- Prompt
With the pictures omitted, transcribe each line below exactly as it is.

- Provided material

____________________

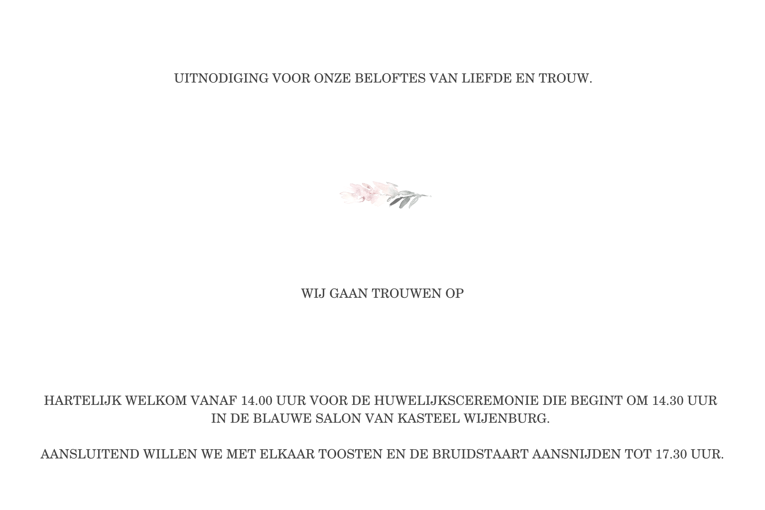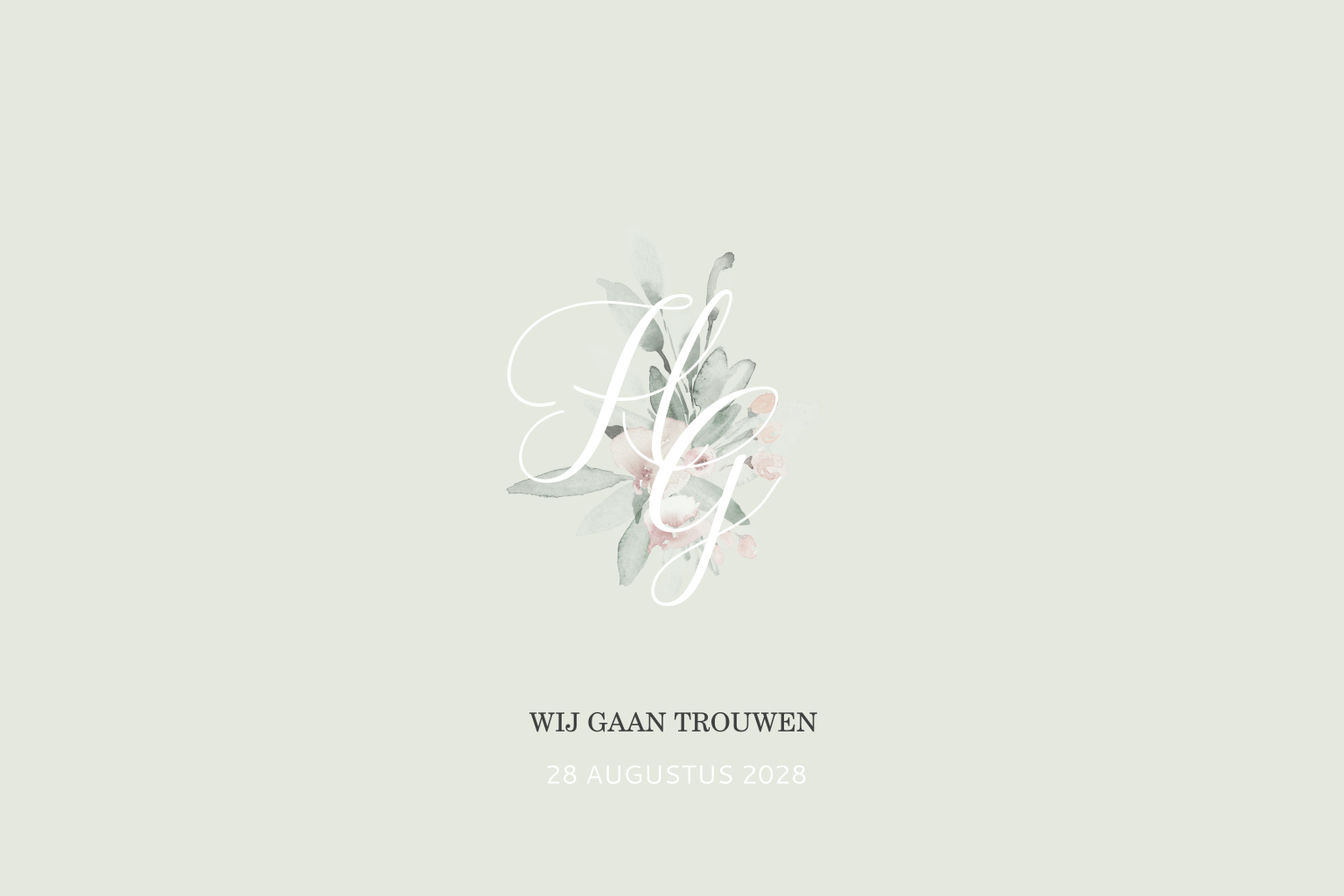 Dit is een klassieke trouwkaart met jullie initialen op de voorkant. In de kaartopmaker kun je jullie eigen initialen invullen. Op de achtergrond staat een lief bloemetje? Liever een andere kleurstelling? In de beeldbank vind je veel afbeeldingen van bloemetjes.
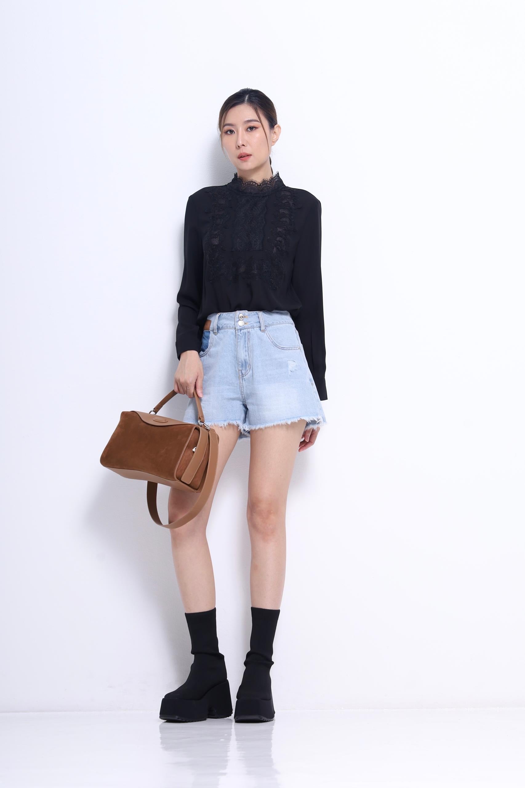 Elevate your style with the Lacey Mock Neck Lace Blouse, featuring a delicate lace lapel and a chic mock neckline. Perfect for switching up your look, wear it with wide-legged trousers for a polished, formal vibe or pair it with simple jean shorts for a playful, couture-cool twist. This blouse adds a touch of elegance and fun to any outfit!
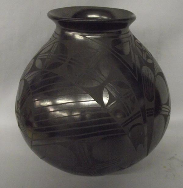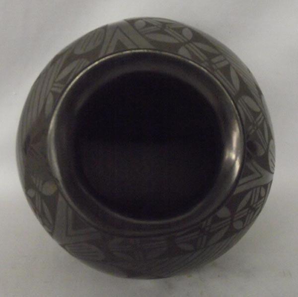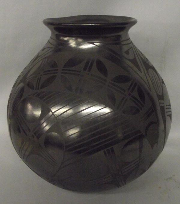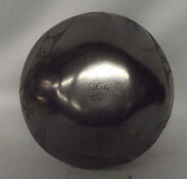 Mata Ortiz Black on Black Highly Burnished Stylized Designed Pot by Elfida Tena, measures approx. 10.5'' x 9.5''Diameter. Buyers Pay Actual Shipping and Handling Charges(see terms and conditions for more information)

____________________

- Result for this task
 Dit is een klassieke trouwkaart met jullie initialen op de voorkant. In de kaartopmaker kun je jullie eigen initialen invullen. Op de achtergrond staat een lief bloemetje? Liever een andere kleurstelling? In de beeldbank vind je veel afbeeldingen van bloemetjes.
 Elevate your style with the Lacey Mock Neck Lace Blouse, featuring a delicate lace lapel and a chic mock neckline. Perfect for switching up your look, wear it with wide-legged trousers for a polished, formal vibe or pair it with simple jean shorts for a playful, couture-cool twist. This blouse adds a touch of elegance and fun to any outfit!
 Mata Ortiz Black on Black Highly Burnished Stylized Designed Pot by Elfida Tena, measures approx. 10.5'' x 9.5''Diameter. Buyers Pay Actual Shipping and Handling Charges(see terms and conditions for more information)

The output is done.